Back in the trenches: outgoing Duke president steps down to return to roots—teaching and research
Black Issues in Higher Education, July 1, 2004 by Hilary Hurd Anyaso
Dr. Nannerl Overholser Keohane became Duke University's eighth president when she arrived on campus in July 1993. She also became the university's first female president. And after 11 years of leading the 12,900-student campus in Durham, N.C., Keohane is stepping down this month to return to teaching and research. Keohane has been called a prodigious fundraiser. In December, Duke completed an eight-year capital campaign, raising $2.36 billion, the fifth-largest in American education history, and the most ever by a Southern school, according to reports. Keohane also made headlines last year when she and her counterpart from the University of North Carolina-Chapel Hill Chancellor James Moeser, raised concerns about expanding the NCAA's Atlantic Coast Conference (ACC).
A political theorist, she is the author of Philosophy and the State in France: The Renaissance to the Enlightenment (1980) and co-editor of Feminist Theory: A Critique of Ideology (1982). Before assuming the presidency of Wellesley College, her alma mater, in 1981, she taught at Swarthmore College, the University of Pennsylvania and Stanford University, where she was chair of the faculty senate and won the Gores Award for Excellence in Teaching.
Just weeks away from turning over the Duke presidency to her successor, Dr. Richard Brodhead, former dean of Yale College, Keohane spoke with Black Issues about leadership, diversity on campus and her future plans.
BI: What were your goals when you arrived on the Duke campus, and 11 years later would you say you met those goals?
NK: I didn't come with a large set of goals. First of all, I didn't know the institution well. I knew it by reputation, but I had never been a student or a faculty member here. So my first goal was to get to know the place--I think I did that pretty quickly. And then in concert with my colleagues, developed some goals for everything from residential life to a stronger health system to an improved campus plan to fund raising, to reaching out to our community, building the diversity on campus--both in terms of numbers and in quality for the faculty, students and staff--and making it more an inclusive place, making it a more international place. All those goals began to emerge fairly quickly in the first couple of years. I think we've made progress on all of them, but there is still plenty to be done.

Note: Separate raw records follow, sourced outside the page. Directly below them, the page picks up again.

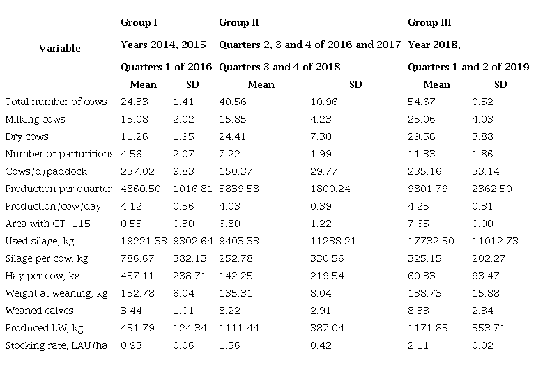 The fact that group I gathered the initial quarters with much lower indicators, demonstrates that, over time, there was a well-defined productive impact, capable of separating the most productive cases in group III. The total number of cows, milking cows, dry cows, weaned calves, milk production (kg), produced live weight (kg) and stocking rate LAU/ha, increased by 124.7, 91.6, 162.5, 142.2, 101.7, 159.4 and 126.9%, respectively, between group I and III. As a consequence, the implementation of this technology had better capacity to feed animals and increase size of herd under production. Hay and silage gradually decreased in each group, due to the increase of forage produced in the biomass bank.
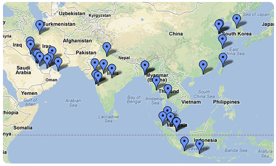 locations in India, South East Asia, China and Arabian Gulf.
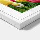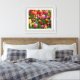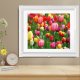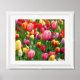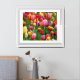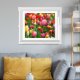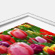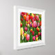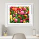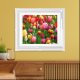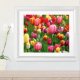 Poster is shown framed and all ready to hang, shown with a photo print of a field of pretty colorful tulips.
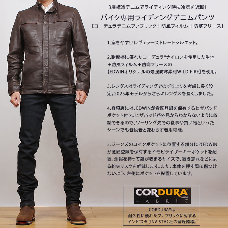 EDWIN エドウイン WILD FIRE 暖 バイク専用ライダージーンズ CORDURA レギュラーストレート 三層構造 エドウィン ジーンズKBW003
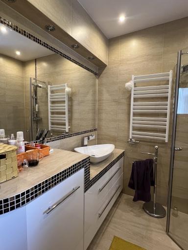 Część prywatna obejmuje trzy sypialnie, zapewniające wygodę wszystkim domownikom. Jedna z nich została zaprojektowana w sposób umożliwiający funkcjonowanie jako niezależne mieszkanie – posiada osobne wejście z zewnątrz, własną łazienkę oraz przygotowane przyłącza pod aneks kuchenny. To doskonałe rozwiązanie np. dla gości, starszych członków rodziny lub jako przestrzeń do pracy.
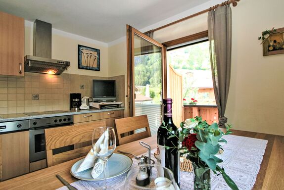 Paradiso, 4-Zimmer-Wohnung 100 m2 im 1. Stock. Geräumig, komfortabel und gemütlich eingerichtet: 3 Doppelzimmer, jedes Zimmer mit Dusche/WC und TV. Ausgang zum Balkon. Offene Küche (Backofen, Geschirrspüler, 4 Glaskeramikplatten, Toaster, Wasserkocher, Mikrowelle, elektrische Kaffeemaschine) mit Esstisch und Sat-TV. Sep. WC. Balkonmöbel, Gartengrill. Panoramasicht auf die Berge. Zur Verfügung: Internet (Wireless LAN, gratis). Bitte beachten: Nichtraucher-Unterkunft.

BI: Looking back, what was the appeal of the Duke position?
NK: Duke was such an appealing prospect as an institution that I have long admired. Having grown up in the South, I had always wanted to come back to the South some day to help this very special, but troubled region, face some of the challenges that it faces, and partly because I love it. I feel deep roots in the South, but I also feel some awareness of the particular challenges of segregation and Jim Crow, and the way in which there are vestiges that are left even in the best institutions. And I wanted to come back and help a strong institution become even stronger.
BI: How were you received as Duke's first female president?
NK: I was received very warmly. Almost nobody said to me, or even hinted, that there was any problem because I was a woman. But I'm quite aware though, that a lot of people behind the scenes were saying, "How on earth can this woman from Wellesley run Duke?" But they were gracious enough not to say it to me. And because I had already done the job at Wellesley, where there has been nothing but women presidents, it never occurred to me that a woman couldn't be a president. One of my few regrets is that I probably should have been more aware throughout my time at Duke of how important it was in a positive sense. I think I could have been a little bit more active as a person conscious that I was a role model for faculty members, for students ... but since it seemed irrelevant to me in many ways, I probably didn't pay enough attention to that until the last few years.
BI: You have now led two different types of institutions. What did you learn from your Wellesley presidency that you were able to apply to the Duke presidency?
NK: Good question. I did find that I had learned a number of useful skills that served me in good stead as a second-time president. For one thing, I had dealt with a number of issues along the way that were sort of generic higher education issues, whether it was students concerned about some problem on campus, or faculty members concerned about their pensions, or trustees concerned about whether one is focusing on the values of the university in the correct way--I had dealt with those types of issues, and I learned that I could. And I learned some mechanisms for making people feel listened to but then being willing to make a tough decision, explaining it thoughtfully and moving on. Those are useful skills that I was able to bring pretty much intact from Wellesley to Duke. I guess I also learned that you have to pace yourself and I tried to bring that skill, too. I didn't always pace myself at Wellesley because there was so much to do, and sometimes I just got really exhausted. But then I learned you have to take some breaks. You have to go off for a weekend; you've got to take a real vacation; you've got to exercise almost everyday.